● What needs to be done: Go through the following data and transcribe exactly the stretch of lines from the one holding "Don't rest your brush on its head" to the one holding "Paintbrushes are an", both included.

● Given information:
◇ ◇ ◇ ◇ ◇ ◇ ◇

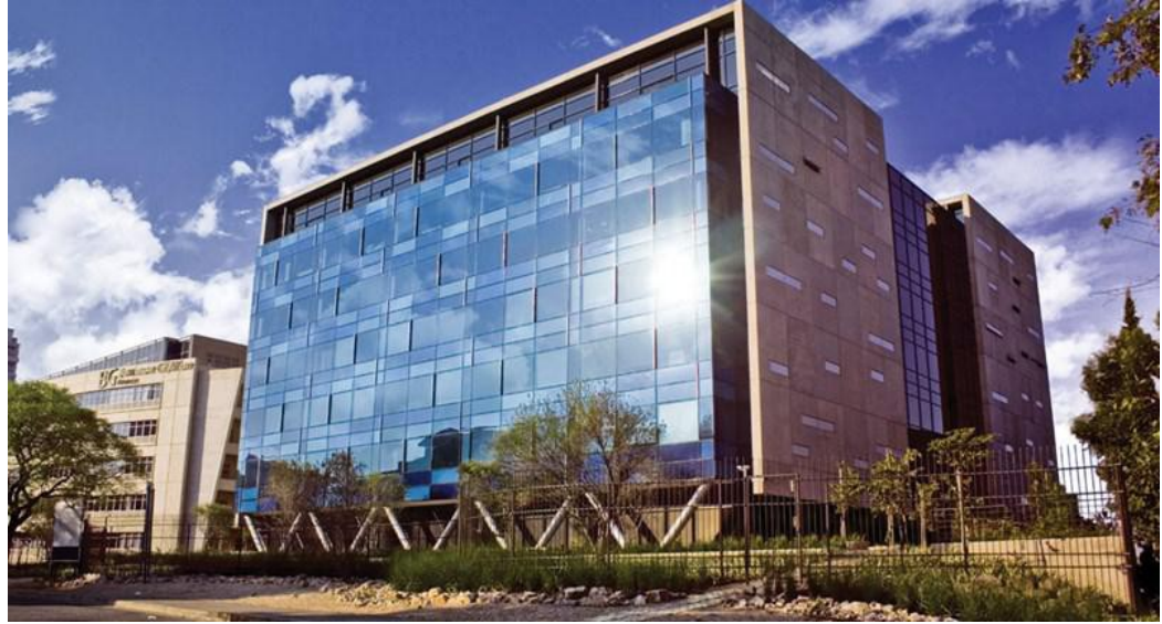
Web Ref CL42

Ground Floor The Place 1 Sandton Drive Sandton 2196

◇ ◇ ◇ ◇ ◇ ◇ ◇

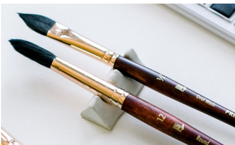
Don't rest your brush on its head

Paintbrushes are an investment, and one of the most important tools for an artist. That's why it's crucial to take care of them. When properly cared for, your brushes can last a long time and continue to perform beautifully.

◇ ◇ ◇ ◇ ◇ ◇ ◇

● Solution to this problem:
Don't rest your brush on its head

Paintbrushes are an investment, and one of the most important tools for an artist. That's why it's crucial to take care of them. When properly cared for, your brushes can last a long time and continue to perform beautifully.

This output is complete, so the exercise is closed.